We believe that diverse intellectual inquiry is foundational to the liberal arts experience, and that student learning is greatly enhanced when students are offered the opportunity to critically engage with a wide variety of perspectives on the important issues facing our time.
To fulfill these aims, we look to improve the campus climate for intellectual diversity, civil political debate, thoughtful intellectual nonconformity, informed dissent, and free expression on these topics. We seek to bring in outside lecturers and guest scholars, provide opportunities for students to engage in research– either individually or collaboratively with faculty– on these issues, and support faculty teaching initiatives and scholarship that support the project’s mission.
We seek to ensure that Bucknell is and remains a national model for ensuring productive discussions of important political and social issues across lines of political and cultural difference.

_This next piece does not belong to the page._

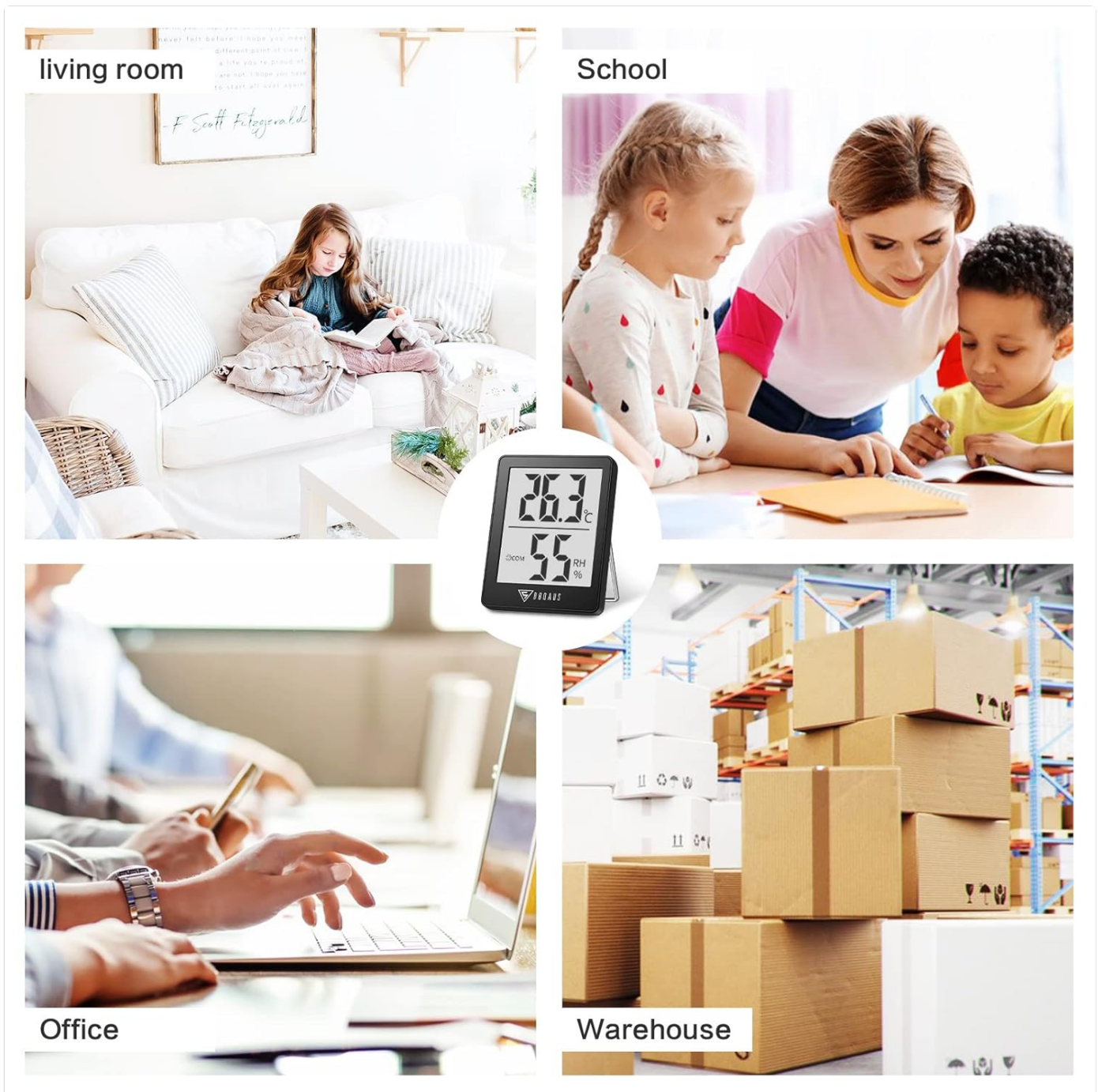
Image: The DOQAUS HM1 thermometer hygrometer shown in diverse application environments, including a living room, school, office, and warehouse.

We have special interest in supporting lecturers and other opportunities that offer perspectives not often heard at the modern liberal arts college—-particularly conservative, classical liberal, culturally traditional, or other “off-diagonal” views.
Given the wealth of social scientific research showing that homogeneous political and social discussion networks often lead to polarization, outgroup hostility, and lowered levels of critical thought, we also wish to provide opportunities for students, faculty, or guest lecturers with diverging views the opportunity to interact with and debate one another as civil and civic-minded intellectuals.
BPALC fully supports commitment to free speech and diverse inquiry as articulated by the Chicago-Princeton statement on campus freedom of speech, the Robert George-Cornel West declaration on campus freedom of expression, and the “Letter on Justice and Open Debate,” as well as by Heterodox Academy.